Golf event drives $150,000 boost for ICRG research

Monday, June 3, 2024 8:14 PM
Photo:  AGEM Golf Classic
  • United States
  • Nevada
  • Mark Gruetze, CDC Gaming

With impressive drives, tough putts, and maybe some shanks and slices of outrageous fortune, golfers at a Las Vegas event raised more than $150,000 to fund research into problem gambling.

The money from the 25th annual Golf Classic sponsored by the American Gaming Association and the Association of Gaming Equipment Manufacturers will go to the International Center for Responsible Gaming, with the event’s cumulative contribution approaching $2.8 million.

“Responsible gaming is vital to every operator, regulator, and supplier worldwide,” said Dave Kubajak, senior vice president of sales, marketing, and operations at JCM Global, which has been the tournament’s presenting sponsor every year. “We support what the ICRG has done and continues to do to research cause and treatment.”

ICRG president Art Paikowsky said the exact amount raised by the May 8 event wasn’t yet tallied, but it should be $150,000 to $200,000. In the classic’s first years, the annual total was closer to $10,000.

The center has become a global leader in funding scientific research on problem gambling, with links to 2,000 experts around the world. Paikowsky said the U.S. government doesn’t fund such studies. Some states spend a portion of their gambling-tax revenue on RG messaging, but none has contributed to ICRG, he added.

Learning about causes and treatments of problem gambling is far different from being against gambling in general. “There’s been gambling on this planet for thousands of years, so it’s not going away,” Paikowsky said. “What we can do is understand it better, then give the industry tools to keep people safe.”

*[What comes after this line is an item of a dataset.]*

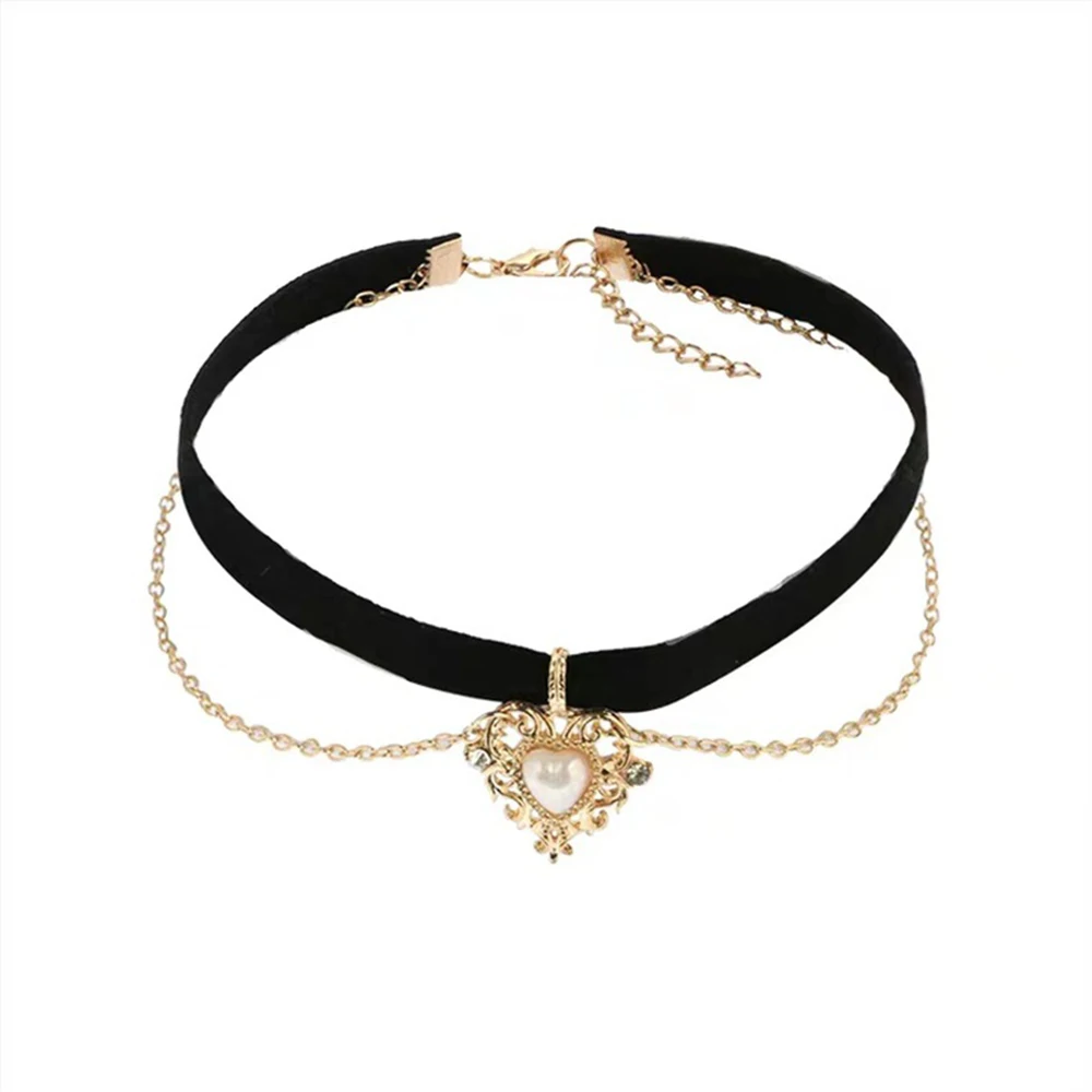Винтажное бархатное черное колье с подвеской в виде сердца, имитация жемчуга, короткое ожерелье с цепочкой для женщин и девочек, вечерние подарки
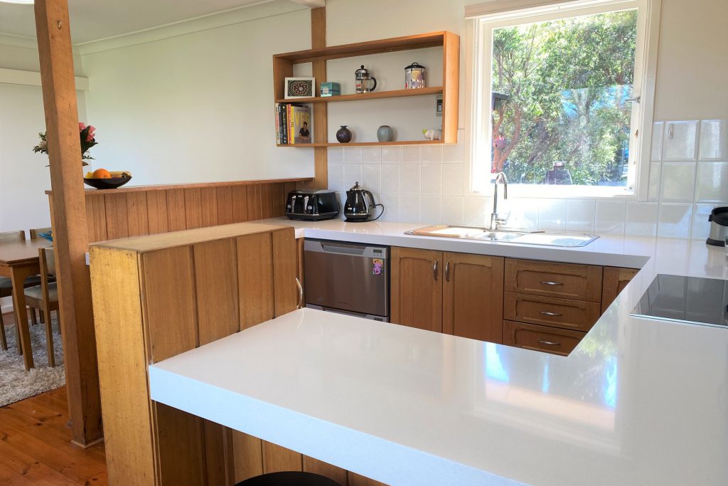 – Modern stone bench tops in the kitchen with quality appliances including an induction cooktop

The sold-out Golf Classic featured a record 28 sponsors and 116 golfers playing at MGM Resorts’s Shadow Creek Golf Course. Participants represented online and sports betting, as well as traditional casinos. Additional events included a charity raffle and a silent auction featuring autographed sports memorabilia and various Las Vegas experiences. “Players could also buy mulligans, not that anyone needed them,” Kubajak said.

Money raised by the classic goes to ICRG’s unrestricted research fund, allowing it to be used for any study approved by the group’s independent Scientific Advisory Board and peer-review panels. Most studies take two to three years. In some cases, a donor chooses to fund a study already approved by the board – $180,000 for a two-year study, $450,000 for a three-year.

“The work product is not how much money we raise, (but) how many studies we have ongoing,” Paikowsky said. A record 30 projects are underway, with four of them examining gambling among young adults, which the center sees as an emerging issue.

A three-year study that will wrap up soon focuses on whether advertising increases problem gambling among sports bettors. Paikowsky said results will be published this year in the Journal of the American Medical Association.

Another study is examining the effectiveness of messages encouraging people to call a hotline if they think they have a gambling problem. “Maybe the messages should say something else,” Paikowsky said. “People who have a gambling problem don’t want to be made to feel guilty for it. How do we engage people in such a way that we don’t judge them?”

While most of the center’s money comes from gaming-industry contributions, the ICRG process ensures that fact doesn’t influence which research projects get funded or how the findings are reported. An independent Scientific Advisory Board determines funding priorities and grant applicants’ project proposals go before independent peer- review panels. ICRG policy stipulates that the Scientific Advisory Board is solely responsible for deciding which research proposals get funded.

“Integrity is everything,” Paikowsky said. “People are just waiting to say your data is corrupted, especially if the data actually demonstrates that something may not be as harmful as people thought. The research we do is bulletproof.” Results of ICRG studies have been published in more than 500 academic journals.

The center, founded in 1996, began because of the lack of scientific research on problem gambling, which led to unsubstantiated and inaccurate information being presented to regulators, lawmakers, and the media.

Paikowsky said studies have shown that about 2 percent of people have a diagnosable gambling disorder, while another 3 percent to 5 percent meet the criteria for problem gambling. The number of people affected might be increasing because of the growing number with access to legal gambling, including online, but that doesn’t necessarily mean the percentage is higher.

That’s one issue being considered in one of the studies about young adults, say, 18 to 26. “If we see larger percentages of younger people having a gambling problem, that’s a societal risk,” Paikowsky said. “We want to keep a close eye out on that.”

Mark Gruetze is a veteran journalist from suburban Pittsburgh who covers casino gaming issues and personalities.